- _Task item_: Would you print the data below exactly, leaving out every picture?

- _Supplied information_:
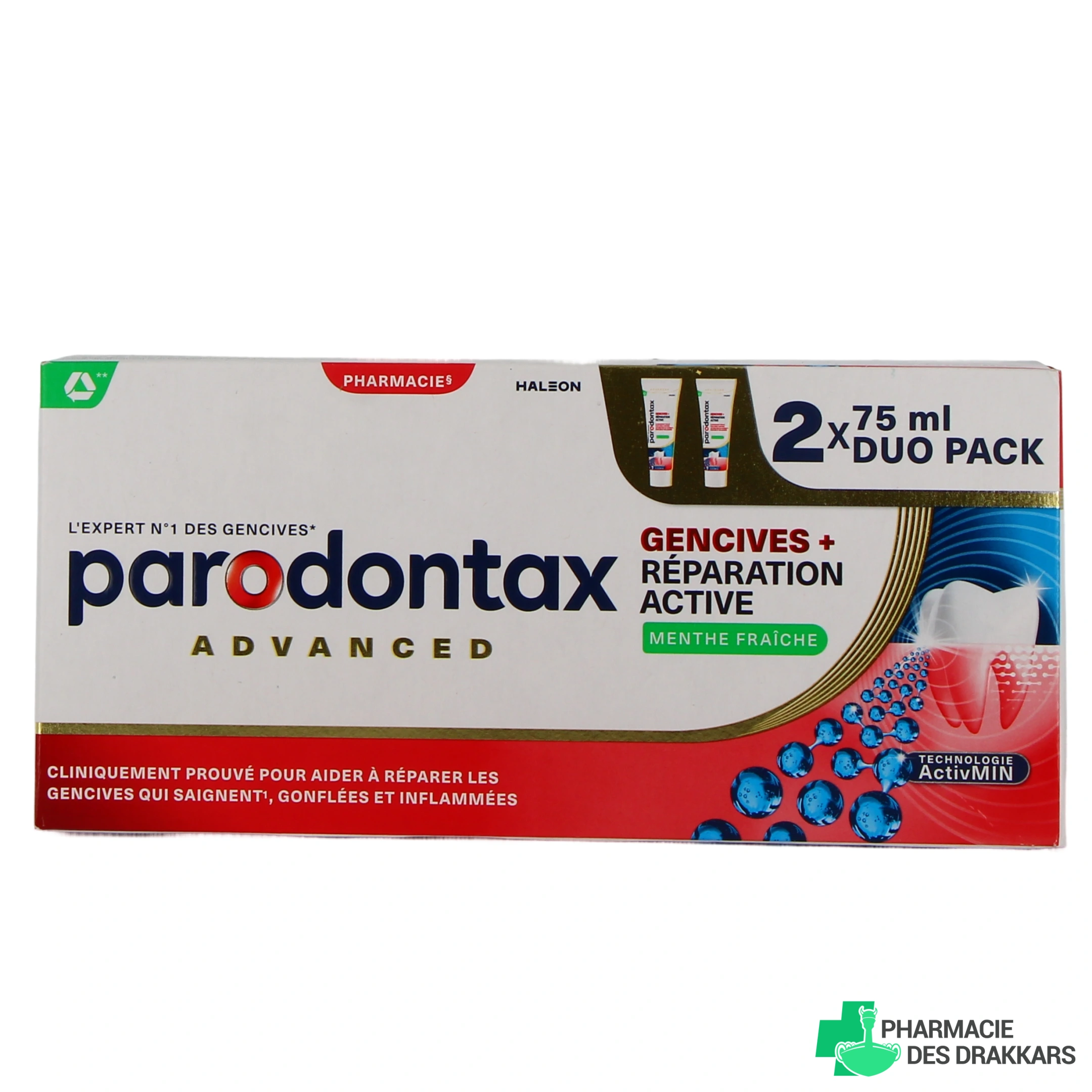 Vous pourrez sélectionner le dentifrice Réparation Active Gencives Parodontax parmi les présentations suivantes sur notre pharmacie en ligne : tube de 75 ml, ou lot de 2 tubes de 75 ml.
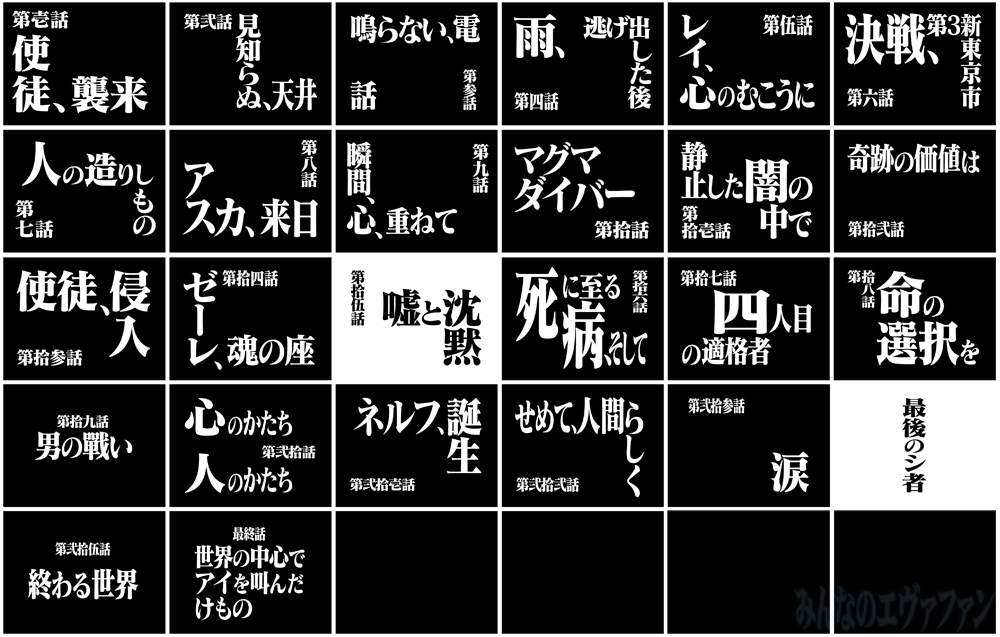 English title cards for the 26-episode TV series and The End of Evangelion, which contains two parts: “Love is Destructive” (alternative to Episode 25) and “I Need You” (alternative to Episode 26).
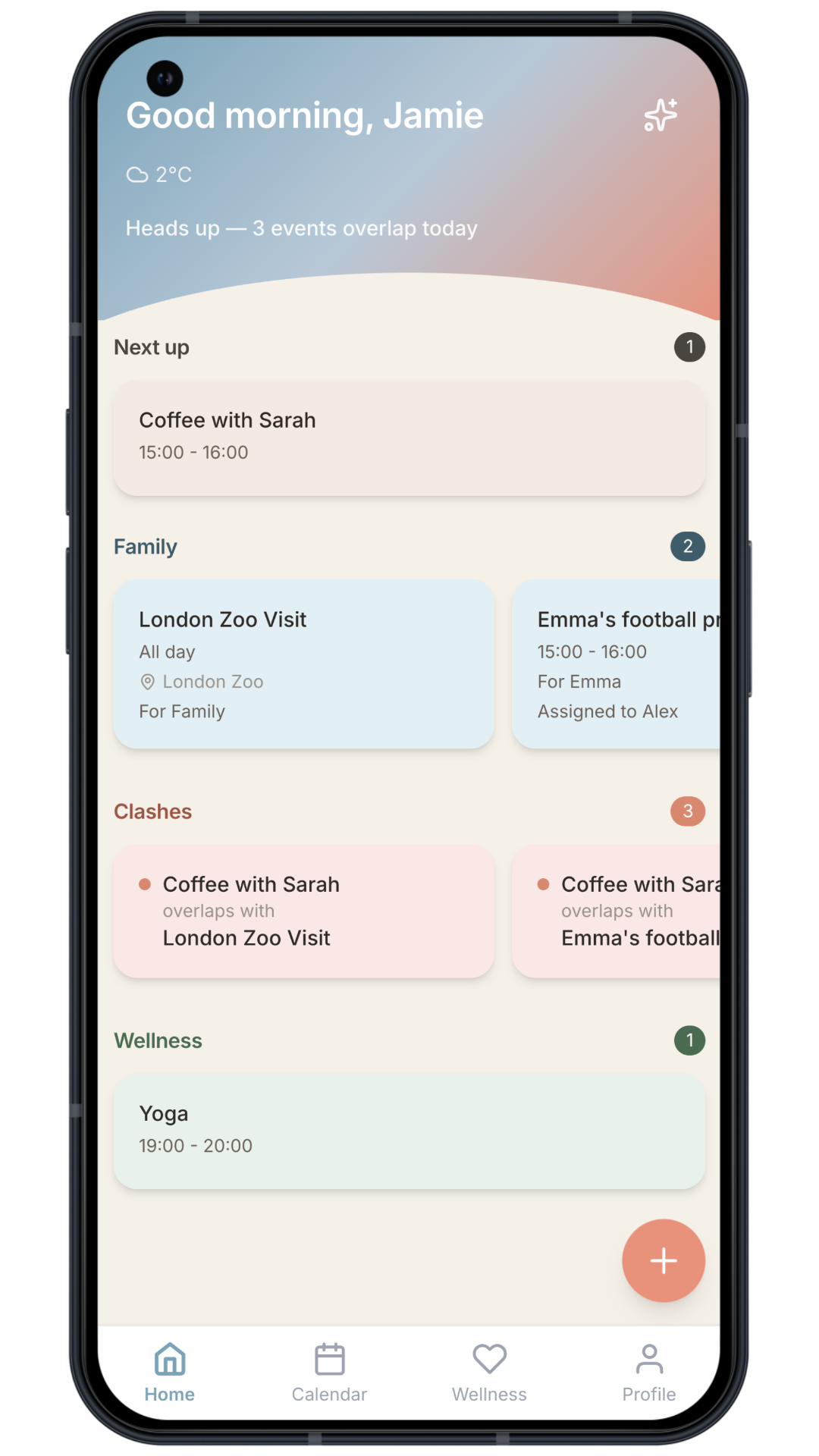 A beautiful daily view of your personal and family events. Without the overwhelm.
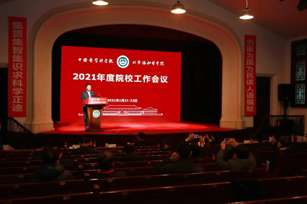 会议指出,2021年是中国共产党成立100周年,也是国家现代化建设进程中具有特殊重要性的一年,“十四五”将由此开局,全面建设社会主义现代化国家新征程由此开启,做好2021年院校工作意义重大,院校上下要始终以习近平新时代中国特色社会主义思想为指导,认真贯彻习近平总书记“努力把beat365官方网站建设成为我国医学科技创新体系的核心基地”的重要指示精神,全面部署并贯彻落实年度重点工作:第一,实现核心基地建设第一步发展目标,从软硬实力双提升入手,初步建成医学研究和医学教育核心基地架构。第二,制定清晰的院校“十四五”及中长期发展规划,千锤百炼谋划院校发展行动纲领,明确院校目标定位,努力建设成为兼备国际先进性与国情适用性的医学教育研究机构。第三,整合院校教育、教学、科技资源,在准聘长聘教职和临床医学教职体系下强化学院与学系管理,加强学科体系建设,梳理教育、教学与教务现状形成新的体系、机制。第四,启动召开中国医学发展大会,组织学术咨询委员会学部委员为国家医学卫生健康事业发展提供战略咨询和智力支撑,打造“智库国家队”,综合研讨院内外研究体系建设,强化院内平台基地的管理,布好、选好、管好、用好院外研发机构。第五,加强医院行业和领域标准制定,构建标准化名词、结构化病历,建立临床信息系统,整合全国医疗体系信息,完善以电子病历为核心的临床信息系统。第六,立足长远推进院校专科医院向突出有专科特色的综合医院转型,抓住发展先机,克服转型难点。第七,继续发布中国医学重大进展,展示卫生健康研究成果,引导医学科技创新;发展科技量值评价(STEM)体系研究,在医院、学校STEM基础上研究团队、个人科技量值评价体系。第八,升级院校科技创新工程,优化重构实施路径,有效支撑核心基地建设。第九,加快推进北区建设及所院各项基建项目进度,全力实现预期目标,为核心基地建设拓展空间资源。第十,推动院校党委换届工作完成,进一步加强院校干部工作、人才队伍建设工作,真正选用德才兼备、履职担当的优秀干部,营造创业、发展的管理体制机制,为院校科技、医疗、教育人才搭建事业发展平台。

- _Response to this task_:
 Vous pourrez sélectionner le dentifrice Réparation Active Gencives Parodontax parmi les présentations suivantes sur notre pharmacie en ligne : tube de 75 ml, ou lot de 2 tubes de 75 ml.
 English title cards for the 26-episode TV series and The End of Evangelion, which contains two parts: “Love is Destructive” (alternative to Episode 25) and “I Need You” (alternative to Episode 26).
 A beautiful daily view of your personal and family events. Without the overwhelm.
 会议指出,2021年是中国共产党成立100周年,也是国家现代化建设进程中具有特殊重要性的一年,“十四五”将由此开局,全面建设社会主义现代化国家新征程由此开启,做好2021年院校工作意义重大,院校上下要始终以习近平新时代中国特色社会主义思想为指导,认真贯彻习近平总书记“努力把beat365官方网站建设成为我国医学科技创新体系的核心基地”的重要指示精神,全面部署并贯彻落实年度重点工作:第一,实现核心基地建设第一步发展目标,从软硬实力双提升入手,初步建成医学研究和医学教育核心基地架构。第二,制定清晰的院校“十四五”及中长期发展规划,千锤百炼谋划院校发展行动纲领,明确院校目标定位,努力建设成为兼备国际先进性与国情适用性的医学教育研究机构。第三,整合院校教育、教学、科技资源,在准聘长聘教职和临床医学教职体系下强化学院与学系管理,加强学科体系建设,梳理教育、教学与教务现状形成新的体系、机制。第四,启动召开中国医学发展大会,组织学术咨询委员会学部委员为国家医学卫生健康事业发展提供战略咨询和智力支撑,打造“智库国家队”,综合研讨院内外研究体系建设,强化院内平台基地的管理,布好、选好、管好、用好院外研发机构。第五,加强医院行业和领域标准制定,构建标准化名词、结构化病历,建立临床信息系统,整合全国医疗体系信息,完善以电子病历为核心的临床信息系统。第六,立足长远推进院校专科医院向突出有专科特色的综合医院转型,抓住发展先机,克服转型难点。第七,继续发布中国医学重大进展,展示卫生健康研究成果,引导医学科技创新;发展科技量值评价(STEM)体系研究,在医院、学校STEM基础上研究团队、个人科技量值评价体系。第八,升级院校科技创新工程,优化重构实施路径,有效支撑核心基地建设。第九,加快推进北区建设及所院各项基建项目进度,全力实现预期目标,为核心基地建设拓展空间资源。第十,推动院校党委换届工作完成,进一步加强院校干部工作、人才队伍建设工作,真正选用德才兼备、履职担当的优秀干部,营造创业、发展的管理体制机制,为院校科技、医疗、教育人才搭建事业发展平台。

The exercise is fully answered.